The highest results for installs on the Google Play Store is found in communication apps (38,322,625.697916664), followed by video player apps (24,573,948.25). This is not surprising given the amount of ways to communicate in the modern world (SMS, instant messaging, email, phone calls, social media, etc.) but let's take a closer look at the top end of the communication category:

In [50]:
for app in android_free:
    if app[1] == 'BOOKS_AND_REFERENCE' and (app[5] == '1,000,000,000+'
                                      or app[5] == '500,000,000+'
                                      or app[5] == '100,000,000+'):
        print(app[0], ':', app[5])

Google Play Books : 1,000,000,000+
Bible : 100,000,000+
Amazon Kindle : 100,000,000+
Wattpad 📖 Free Books : 100,000,000+
Audiobooks from Audible : 100,000,000+


We can see that the communication category is being heavily skewed up by some of the big names: WhatsApp, Messenger, Gmail, Skype and Chrome are all hitting upwards of 1,000,000,000 installs. Let's see what happens to our average if we remove any app with over 100,000,000 installs:

In [52]:
below_100_m = []

for app in android_free:
    no_of_installs = float(app[5].replace('+','').replace(',',''))
    total += no_of_installs
    
    if (app[1] == 'BOOKS_AND_REFERENCE' and float(no_of_installs) < 100000000):
        below_100_m.append(float(no_of_installs))
    
sum(below_100_m) / len(below_100_m)

1407123.0687830688

Our average has now dropped by 90%. A similar situation is occurring in the runner-up categories of video players (dominated by Youtube and Google Play Movies & TV), social (Facebook, Instagram, Snapchat, LinkedIn, Pinterest, etc), photography (Google Photos and other big-name photo editing apps) and productivity (Microsoft Office, Google Docs and Drive, Evernote among others). Given the next categories on our list, games and entertainment, are incredibly saturated markets, we want to avoid these two in favour of somewhere our app can make more of an impact and thus get more users.

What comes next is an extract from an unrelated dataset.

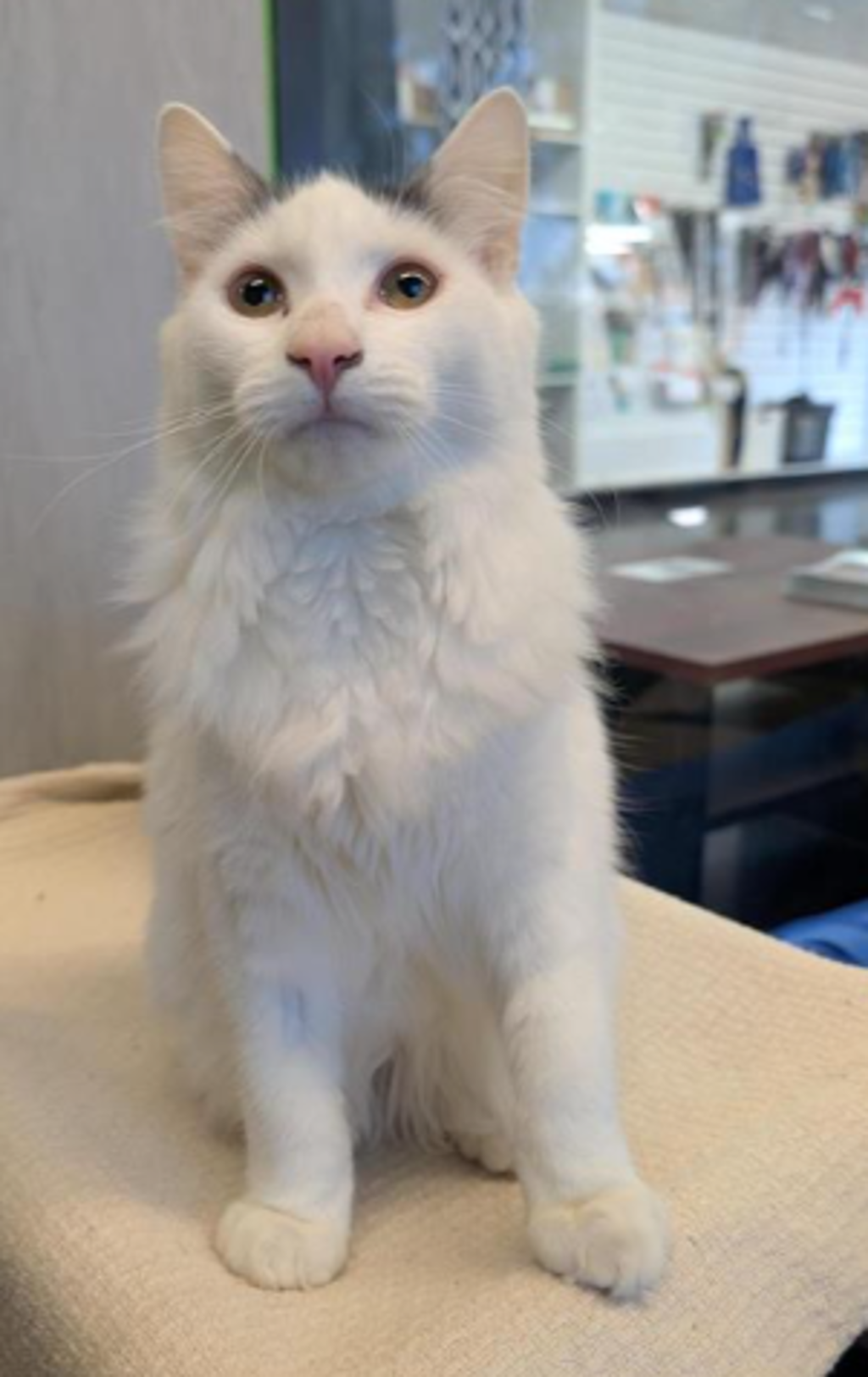 With his soft, cloud-like fur and piercing eyes, Nimbus could easily pass as a member of the Magical Creatures department - though he prefers cozy laps to the Forbidden Forest.

This brings us to the books and reference category. With the exception of Google Play Books, there are not many big names that are dominating this market, allowing more chance for our app to stand out. Providing some level of gamification (for example, reading challenges or studying quizzes) and social networking (such as challenge leaderboards, forums or friend recommendations) would help to provide a point of difference for our app within this smaller market.

### Conclusion

Given the results that we've found in both the iOS and Google Play markets, a strong case can be made to create an app in the books and reference genre. A suggestion would be an online library of study resources (that can be bought in-app for cheaper rates than their physical counterparts). Users can access the resources, as well as additional study material, both in-house and user-submitted. They can also connect with friends and other users studying the same materials, to either discuss the content or gamify their studying through challenges and leaderboards.